What the task requires: Transcribe the material verbatim, starting at its first line and stopping once the line containing "T-rex dinosaur Indominus" has been given; no picture should appear.
(Beginning of Recorded information)
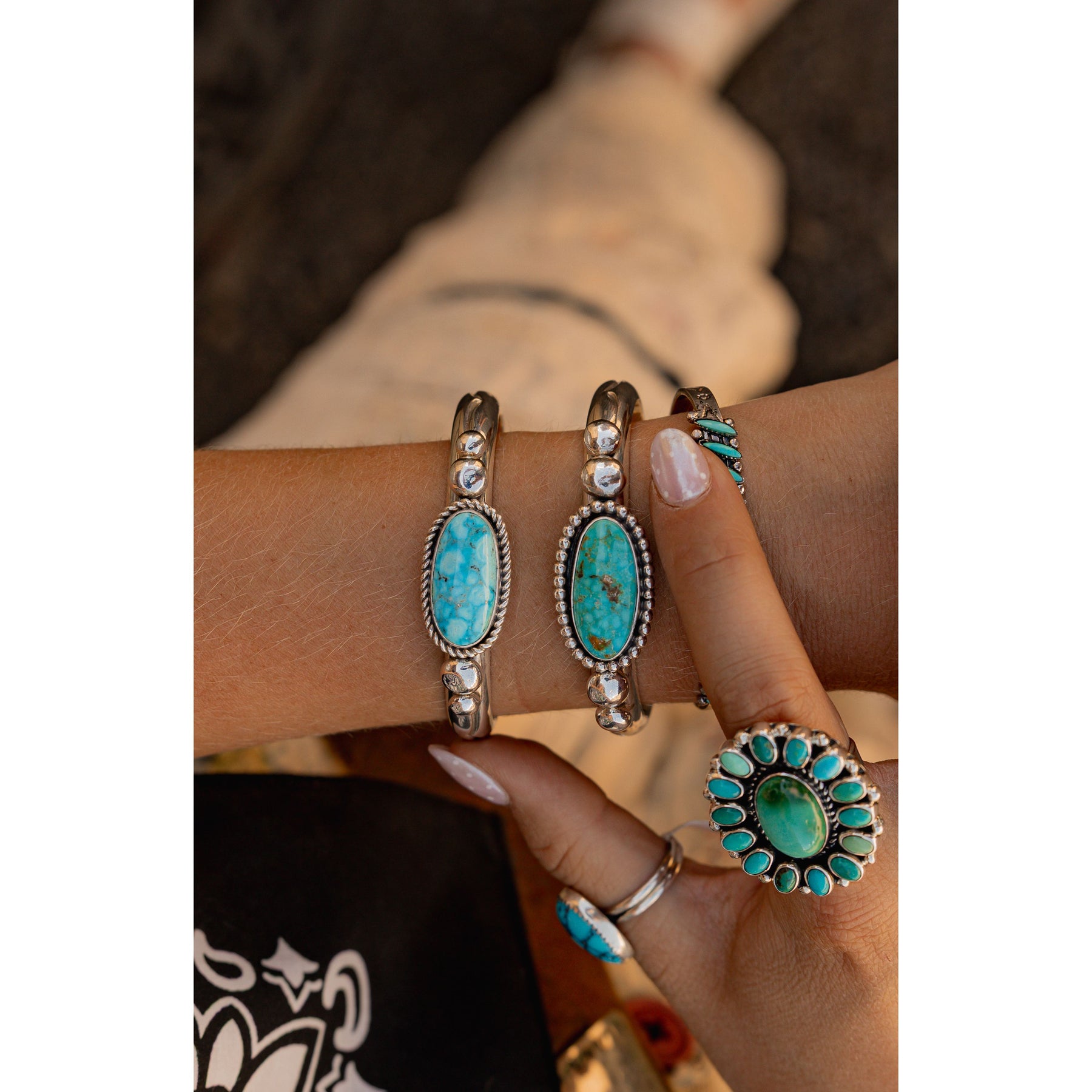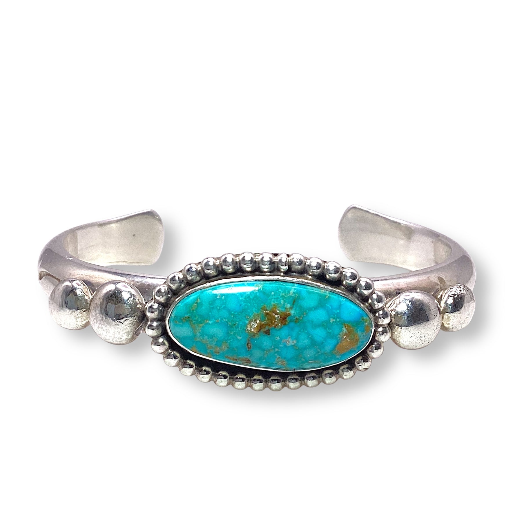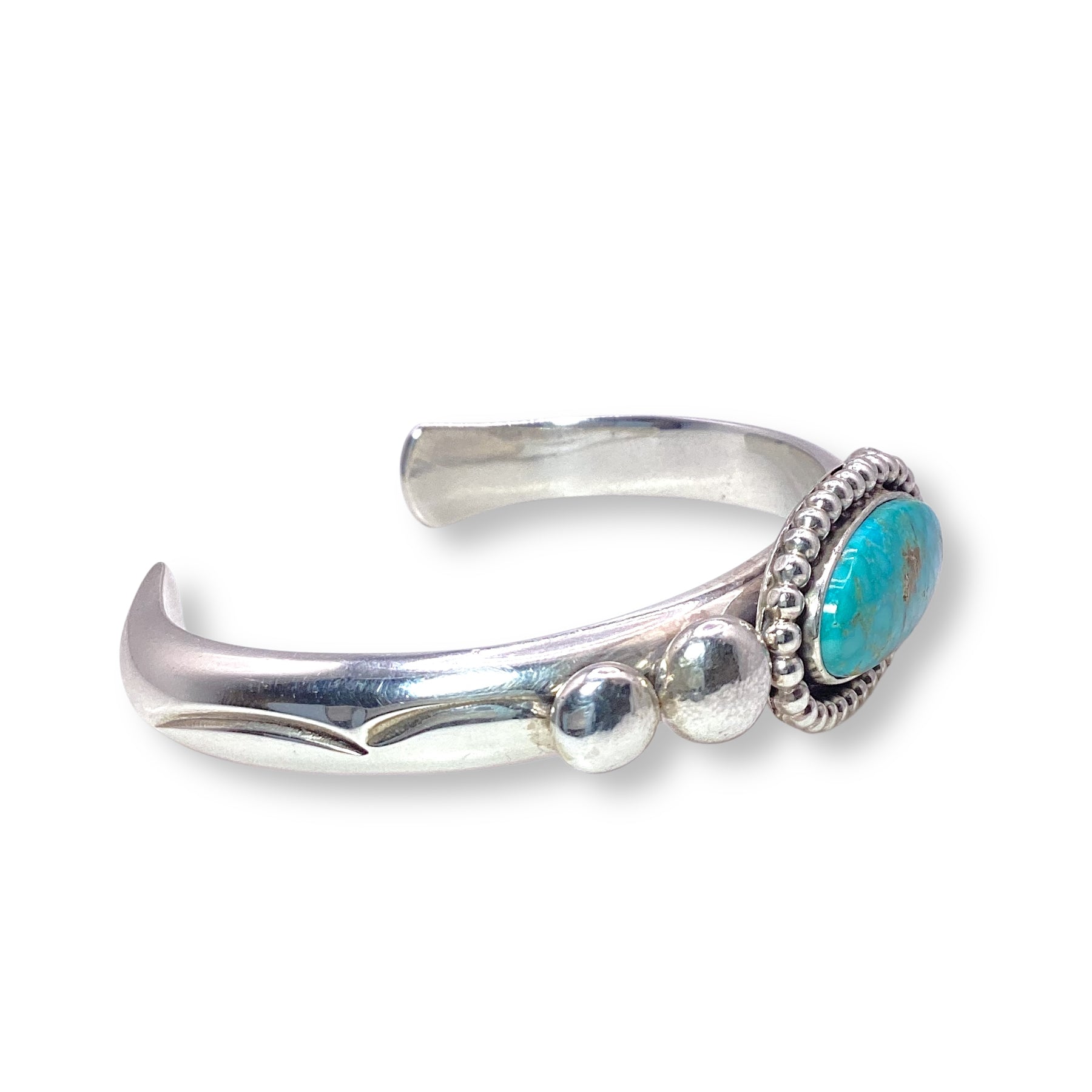 The pop of turquoise against the silver feels both timeless and modern—perfect for stacking with other cuffs, slipping on with everyday denim, or letting it shine solo with a flowy dress.
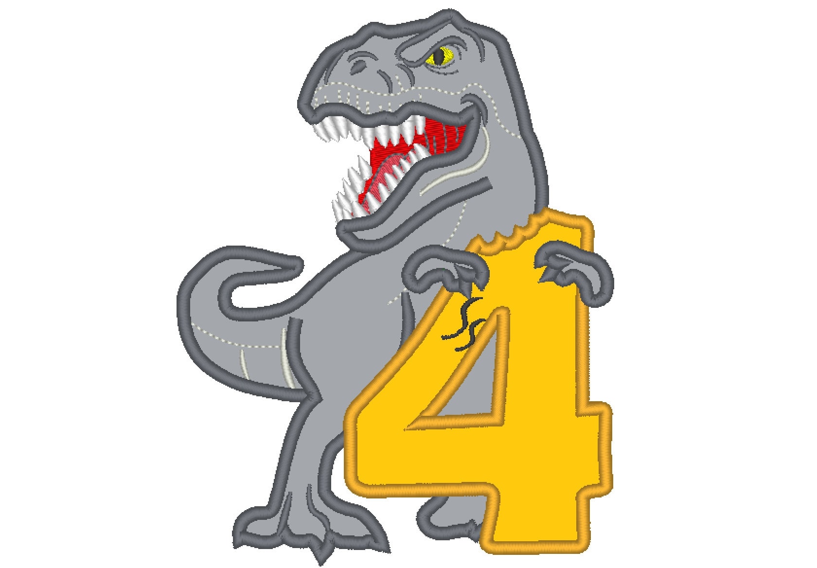 T-rex dinosaur Indominus eating Birthday number four 4 kids boy Birthday outfit machine embroidery designs assorted sizes for hoop 5x7, 6x10
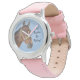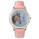 Un impresionante reloj de pulsera ecuestre rosa y púrpura nuevo con una pintura de un caballo de pura raza con un halter multicolor y la leyenda "¡Prefiero andar! A tu pequeño ecuestre le encantará este reloj en cualquier ocasión.
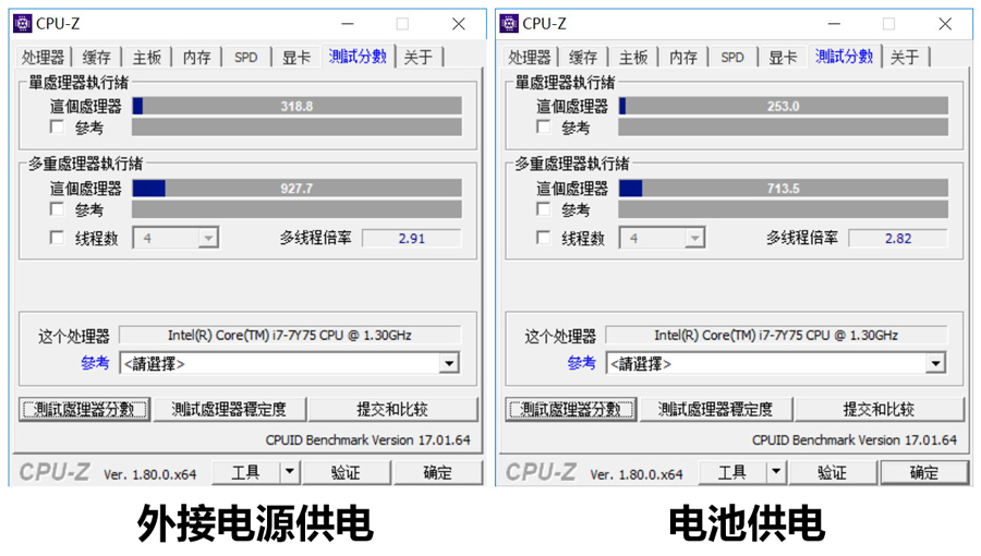 通過CPU-Z軟件測試,外接電源時i7-7Y75處理器的單核得分為318.8分,多核得分927.7分,在移動設備處理器中處于相當高的水平。
(End of Recorded information)
Solution to the exercise:
 The pop of turquoise against the silver feels both timeless and modern—perfect for stacking with other cuffs, slipping on with everyday denim, or letting it shine solo with a flowy dress.
 T-rex dinosaur Indominus eating Birthday number four 4 kids boy Birthday outfit machine embroidery designs assorted sizes for hoop 5x7, 6x10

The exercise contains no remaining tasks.